Short answer: A health plan is HSA-eligible if it meets the IRS minimum-deductible and maximum-out-of-pocket limits for a high-deductible health plan and does not provide non-preventive benefits before the deductible is met.
Not every high-deductible health plan qualifies for HSA contributions. To be HSA-eligible, a plan must meet specific IRS requirements that are updated annually.
First, the plan must meet the IRS minimum deductible. For 2026, the deductible must be at least $1,700 for self-only coverage or $3,400 for family coverage.
The plan must also limit total out-of-pocket costs. For 2026, the maximum out-of-pocket limit cannot exceed $8,500 for self-only coverage or $17,000 for family coverage. These limits include deductibles, copayments, and coinsurance, but not premiums.

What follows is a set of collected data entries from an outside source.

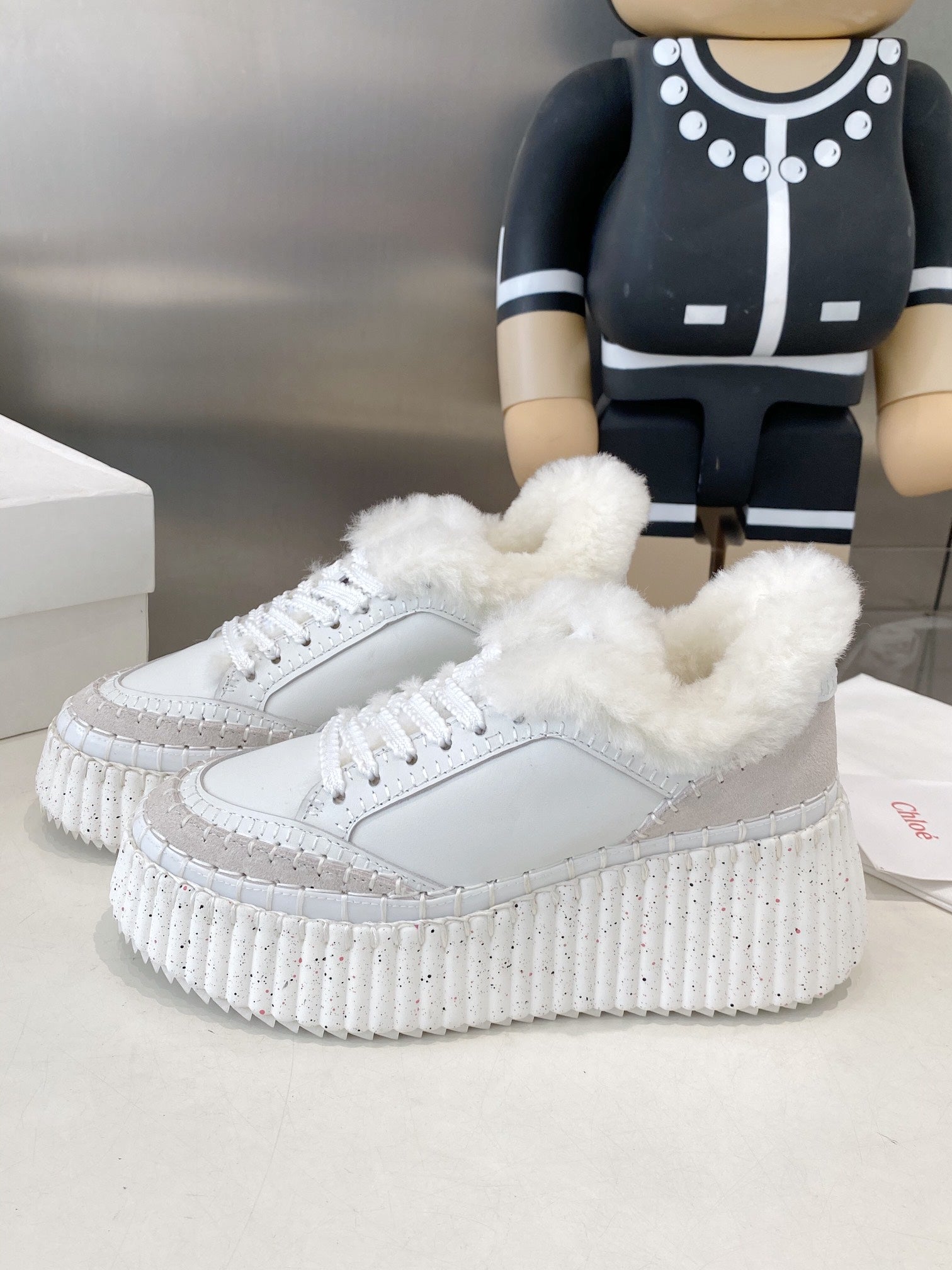 Chloe Nama Sneaker White Cowhide Wool 531607
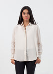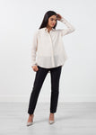 The graceful Lima adds stunning embellishment to the springtime closet. Essentially frameless, this top incarnates the feminine mystique. Hidden front button placket. Lareida. Color Blush. 100% Silk. Made in Portugal. Ashley is wearing a 34.
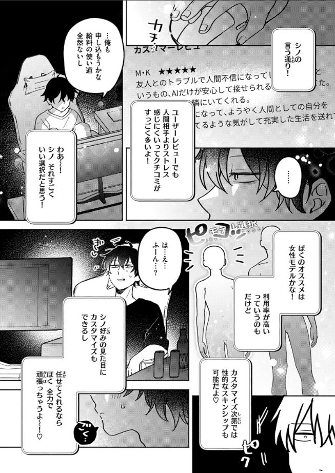 社会に疲弊した主人公・シノに会話型AIのイオが勧めてきたものは、AIのデータをアンドロイドに移植し、《理想のパートナー》を作り出す最近人気のパーソナルサービス。見た目や声はもちろん、カスタマイズ次第ではもちろんエッチなことも……♪その言葉に惹かれたシノは思い切って購入を決意。不安に駆られながらも扉を開けた先に立っていたイオはまさに思い描いていた理想の女のコだった。元気で巨乳でシノのことが大好き!そんなイオとのイチャイチャあり、トラブルありな理想の甘々セックスライフ♪
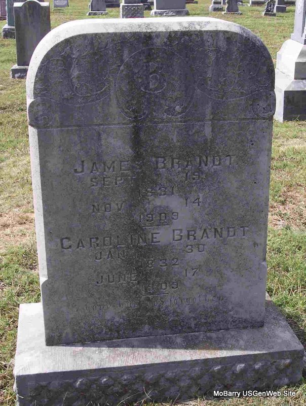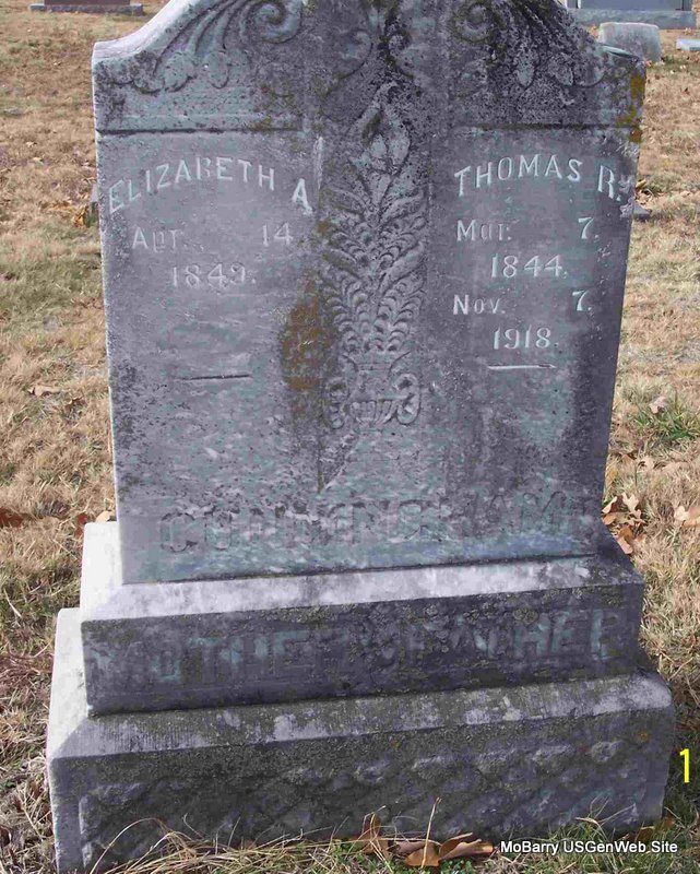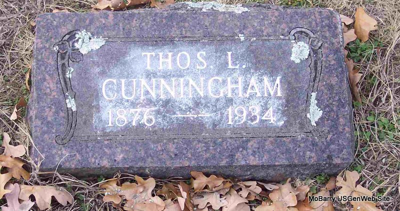 SSW: Elizabeth A. - Research Note: Son of Robert Christopher and Rebecca Cunningham. - Cassville Republican, Nov. 14, 1918 - Thomas Cunningham Dies Suddenly: Thomas R. Cunningham died suddenly at his home south of Cassville in the Pasley locality, Thursday morning at 10:30 o'clock following a stroke of paralysis, at the age of 74 years and 8 months. He was stricken about 8 o'clock that morning and lived only two and one-half hours after the stroke. He arose and ate his breakfast as usual and appeared to be feeling well. He had been in Cassville frequently and his friends and his associates could see no indication of failing health. He was of a rugged physique and for a man of his years seemed to be vigorous and strong. Thomas R. Cunningham was born in Buchanan county, Missouri, March 7, 1844. He grew to manhood and married there. In 1884 he moved to this county and had lived in the Vanzandt and Pasley locatives ever since. Eight children were born to Mr. and Mrs. Cunningham, six of whom, three sons and three daughters, are living as is also Mrs. Cunningham. The children are George, Lark and Willie, the latter being now in France; Mrs. George VanDorn, Mrs. Will Brandt and Maud who is at home. Funeral services were held Friday afternoon and interment made at the Corinth cemetery. In his death Barry County loses a splendid man. | Online Newspapers Census Phyllis Long Photo Diana Cope |

In addition, the plan generally cannot pay for non-preventive services before the deductible is satisfied. Preventive care may be covered before the deductible without affecting HSA eligibility, but other first-dollar coverage will disqualify the plan.
Note: under the One Big Beautiful Bill Act, beginning in 2026 all individual-market bronze and catastrophic plans are also treated as HSA-eligible, even if they do not otherwise meet these dollar tests.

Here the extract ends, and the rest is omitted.